Unfortunately that is usually not the case, and as the database scales the data becomes cumbersome to search effectively.

Let's take a look at how such a list is commonly used, how it has to be searched and what can be done to rectify this. We will use this as one of many steps towards database normalization as well as becoming a useful tool in your arsenal as a developer.

We'll use a very basic real estate example with a listing of property addresses and a list of property assets that would be commonly searched on when shopping for a new home.

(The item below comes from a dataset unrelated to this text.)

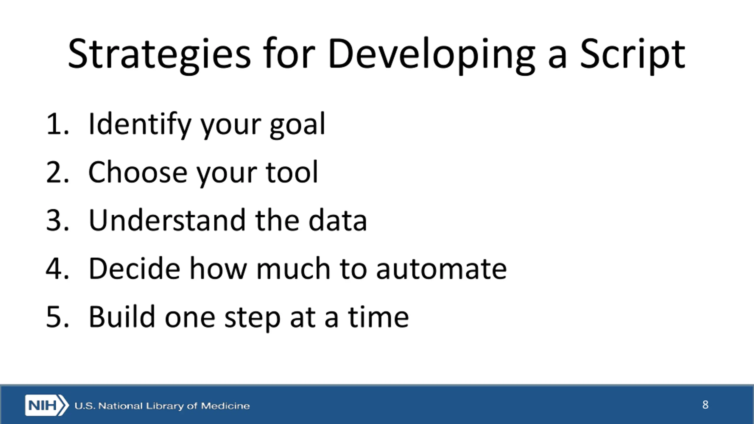 Strategies for Developing a Script 1. Identify your goal 2. Choose your tool 3. Understand the data 4. Decide how much to automate 5. Build one step at a time 8
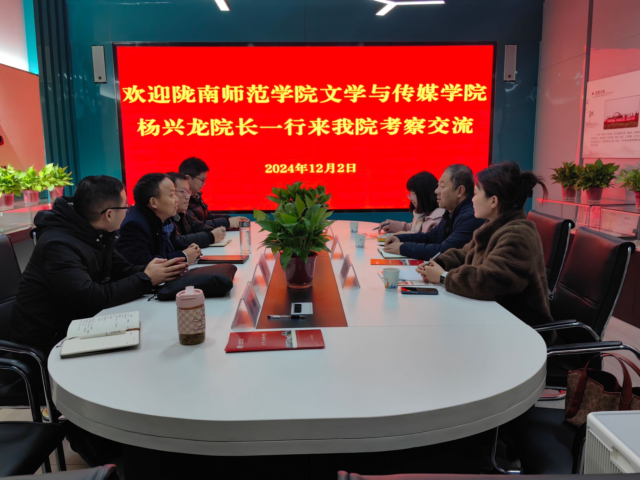12月2日上午,陇南师范学院澳门网投唯一官网杨兴龙院长一行3人来澳门网投考察交流,澳门网投唯一官网院长杨运庚、副院长朱云、秘书学专业负责人胡少山、秘书与新媒体系主任张建涛、党政办主任崔瑜参加交流座谈。

First we will create a table and for the sake of brevity eliminate a number of common items.

create table properties (
property_id int auto_increment primary key,
address varchar(50),
assets text);

Now let's fill that table with data, using a comma separated list of values under the assets for each property:

insert into properties values
(1, '82 Fairington', 'pool,fireplace,side-split,garage,4 bedrooms,3 bathrooms,34 yrs old'),
(2, '10 Primrose','fireplace,two storey,garage,3 bedrooms,3 bathrooms,21 yrs old'),
(3, '2 Frontenac','carport,3 bedrooms,2 bathrooms,45 yrs old,bungalow'),
(4, '786 Ossington','3 bedrooms,1 bathrooms,100 yrs old,two storey');

Retrieving all the data isn't difficult of course, a simple select statement will take care of that:

select
property_id,
address,
assets
from properties
\G

*************************** 1. row ***************************
property_id: 1
    address: 82 Fairington
     assets: pool,fireplace,side-split,garage,4 bedrooms,3 bathrooms,34 yrs old
*************************** 2. row ***************************
property_id: 2
    address: 10 Primrose
     assets: fireplace,two storey,garage,3 bedrooms,3 bathrooms,21 yrs old
*************************** 3. row ***************************
property_id: 3
    address: 2 Frontenac
     assets: carport,3 bedrooms,2 bathrooms,45 yrs old,bungalow
*************************** 4. row ***************************
property_id: 4
    address: 786 Ossington
     assets: 3 bedrooms,1 bathrooms,100 yrs old,two storey
4 rows in set (0.00 sec)

But how about searching on the data? lets return all properties with 2 bathrooms.

select
property_id,
address,
assets
from properties
where assets like '%2 bathrooms%'
\G

*************************** 1. row ***************************
property_id: 3
    address: 2 Frontenac
     assets: carport,3 bedrooms,2 bathrooms,45 yrs old,bungalow
1 row in set (0.47 sec)

The result is the one property meeting the requirement of 2 bathrooms.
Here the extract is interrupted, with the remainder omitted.